However, Kit at Kino said, "No, not YA. The imprint is not a YA imprint."
This annoyed me for a variety of reason, not all of them very logical. I'm as guilty as the next person of labelling and pigeon-holing books. But when Kit said what she did, I pompously replied, "Who cares who the publisher thinks should read the book. Readers make up their own minds."
This is true, but readers might never know the book exists if they tend to only mooch around the YA sections of bookstores.
Anyway, I have passed Ysabel on to be reviewed for the paper.
I liked it, liked especially the two teenage characters, Ned and Kate, who are just clever enough not to be maddening, and charmingly awkward and unsure of their own abilities and instincts.

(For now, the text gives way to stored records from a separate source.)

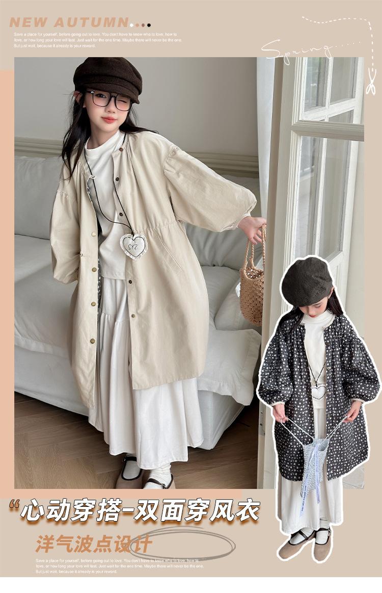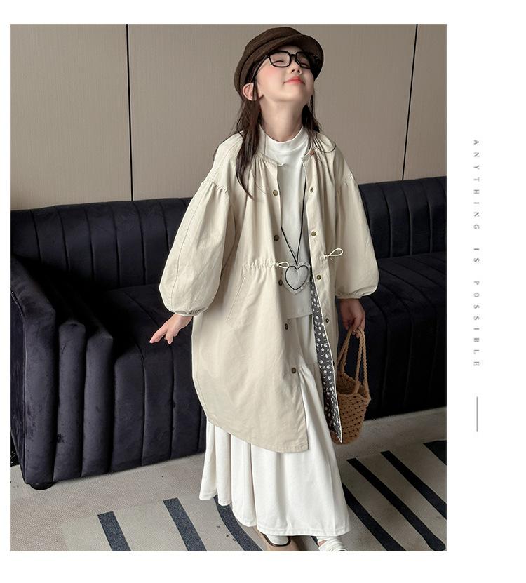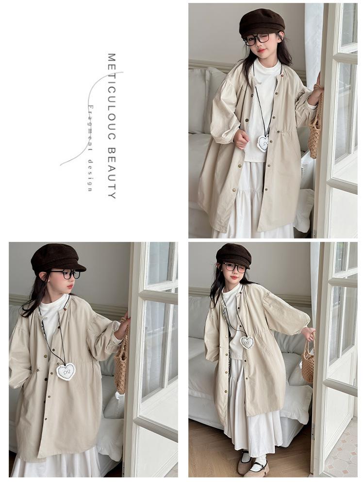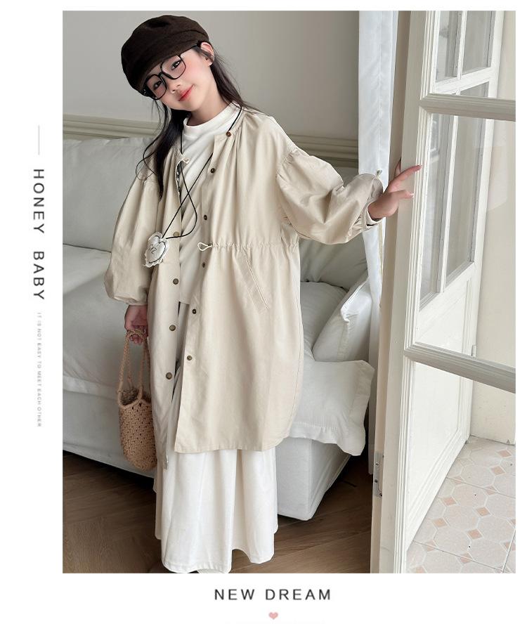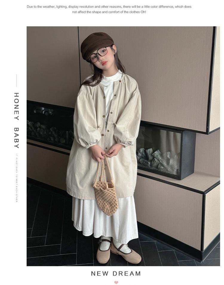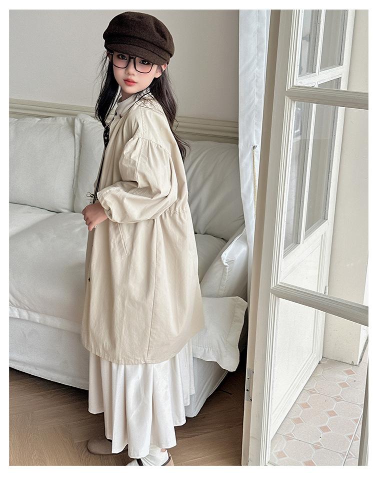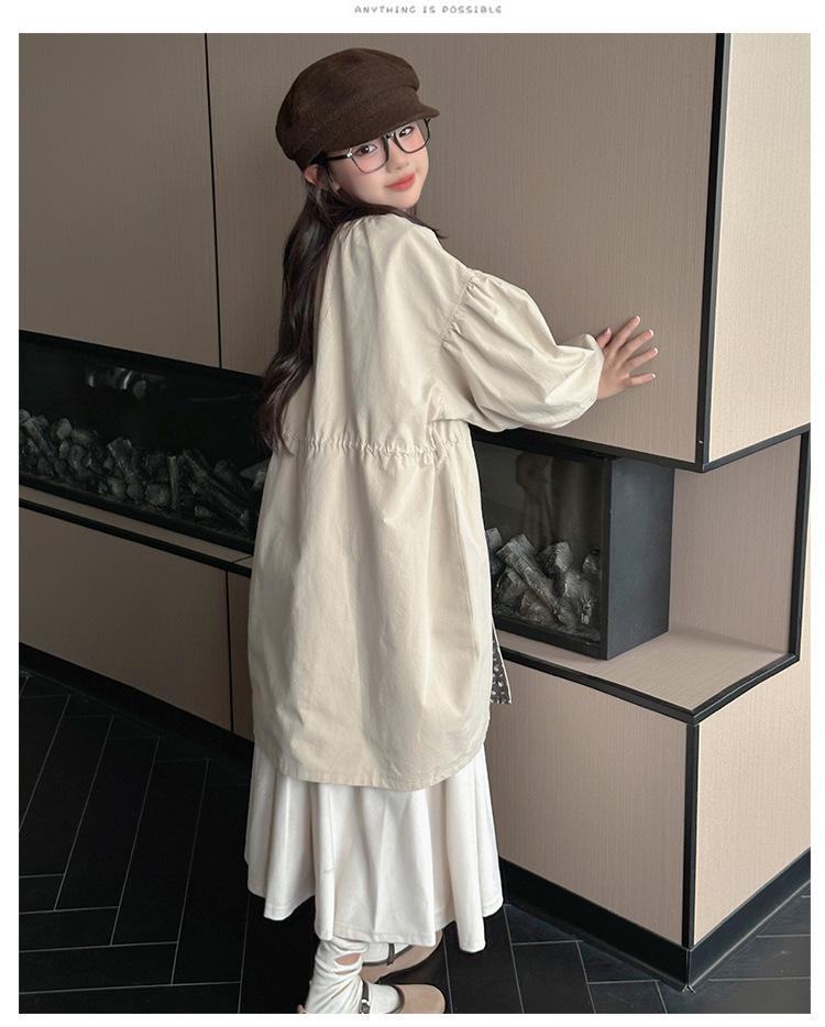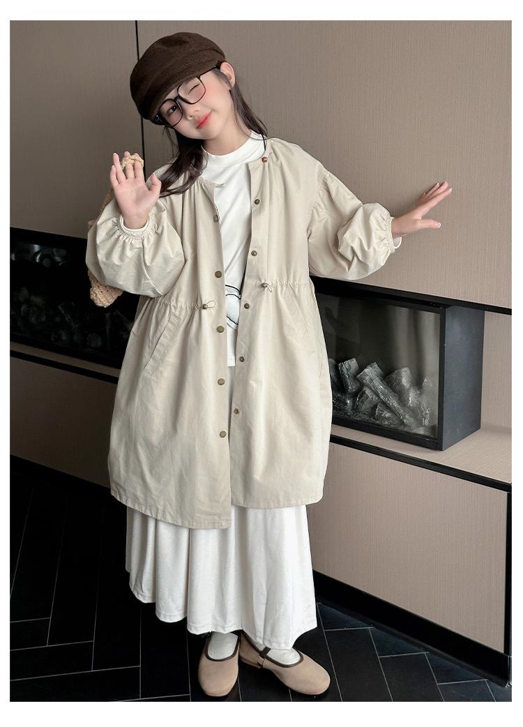 Abrigo trench para niñas estilo primavera y otoño 2025 nuevo otoño para niños de longitud media doble vista estilo coreano ropa exterior de otoño para niñas grandes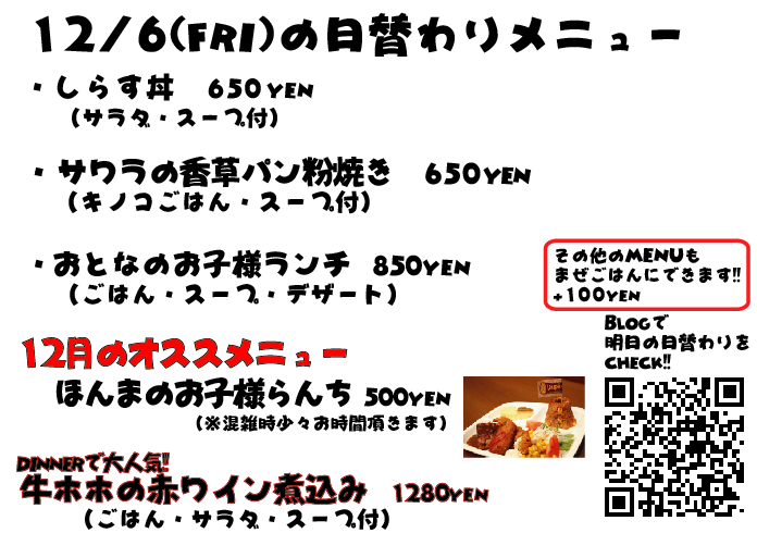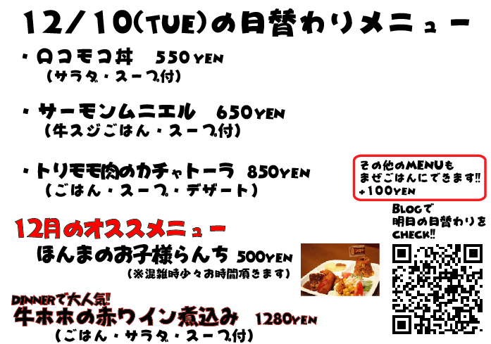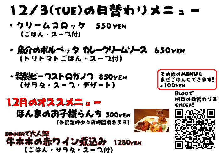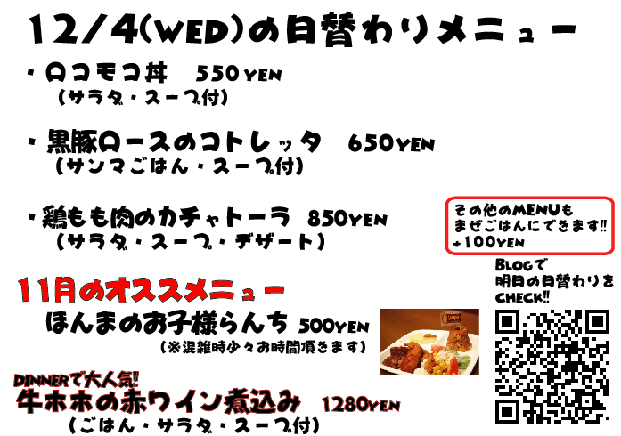 JUGEMテーマ:神戸・西宮・芦屋などの阪神間 こんばんは 投稿おそくなってしまいますた、すいません! 取り急ぎ明日の日替わりメニューで〜す
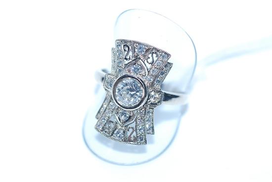 The bow shaped pierced plaque, centrally set with an old European cut diamond weighing 0.85cts, within a diamond set surround in millegrain decoration, in 18ct white gold ring size P-Q.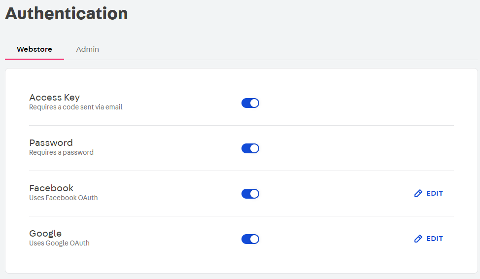 On the Authentication page, you can choose which login methods you want to offer for your store's customers and administrative users accessing the Admin.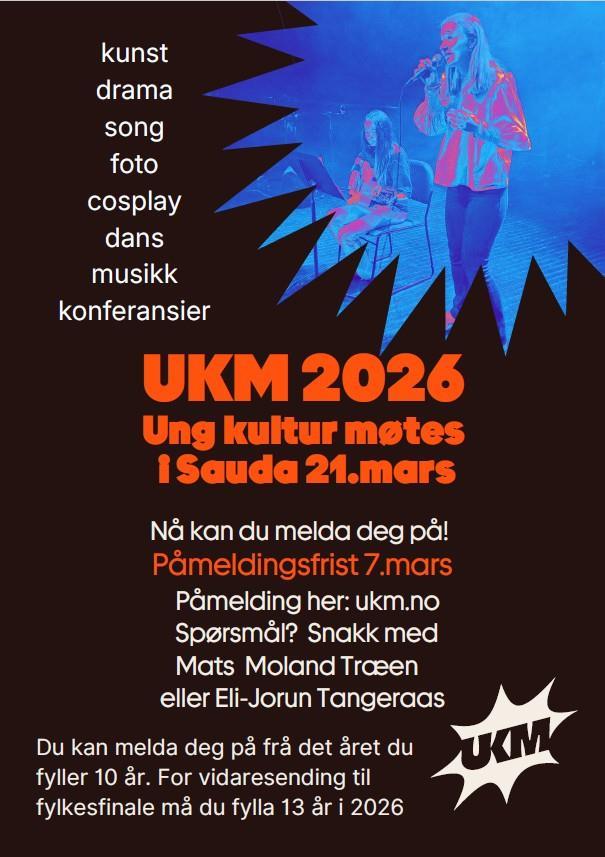 Påmelding UKM 2026!Lytt til tekstenStopp avspillingHar du et talent? Mellom 10 og 20år? Meld deg på!ukm ukm Publisert 11.02.2026 08.01 Sist endret 11.02.2026 08.03
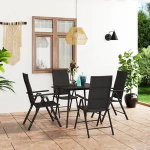 vidaXL Dining Set Black PE rattan, aluminum, glass, steel 5 Piece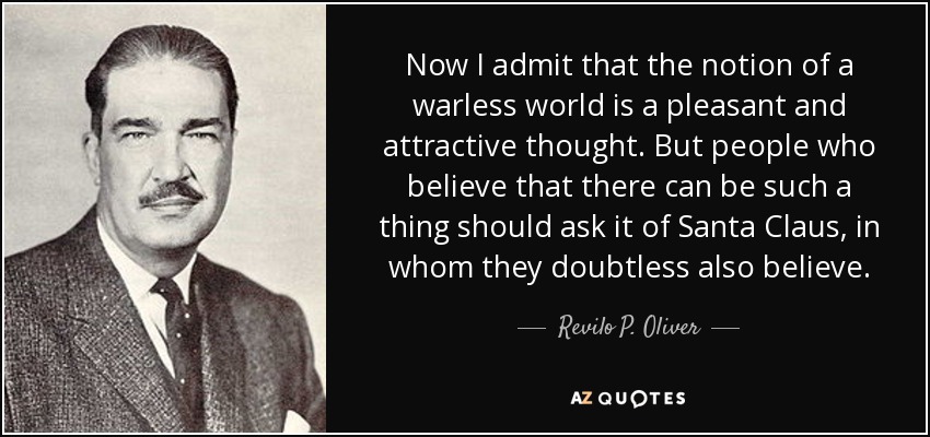 Now I admit that the notion of a warless world is a pleasant and attractive thought. But people who believe that there can be such a thing should ask it of Santa Claus, in whom they doubtless also believe.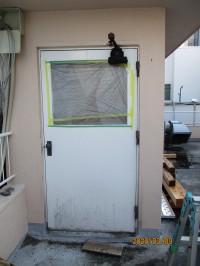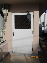 > 鉄扉修理(硝子割替・ドアクローザー取替・丁番調整)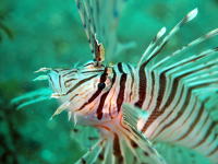 | 今日は江の浦へ。透明度、だいぶ回復してきましたよ。エントリーしてすぐ、アオリイカの子供の群れが見れます。その他、ミノカサゴの幼魚、モンツキハギの幼魚、ノコギリヨウジなどが見れました。 |

They are attractive characters whom I wanted to know more about as soon as I had met them.
The story is interesting. The way the events unfold keep you guessing and wanting more. However, I don't think Kay developed the plot sufficiently. Too many things are left unexplained and unresolved, and there isn't a sense of satisfaction and closure at the end of the book. Reading the final page I still didn't fully understand the whats, hows and whys of everything that had happened. I was surprised at how simply things were resolved and I continued wondering "Who? How come? What was that all about then?"
Maybe Kay was kept in the dark too? Perhaps his characters have yet to reveal themselves fully to him. Perhaps he intends to write a sequel in which all will be made clear as crystal.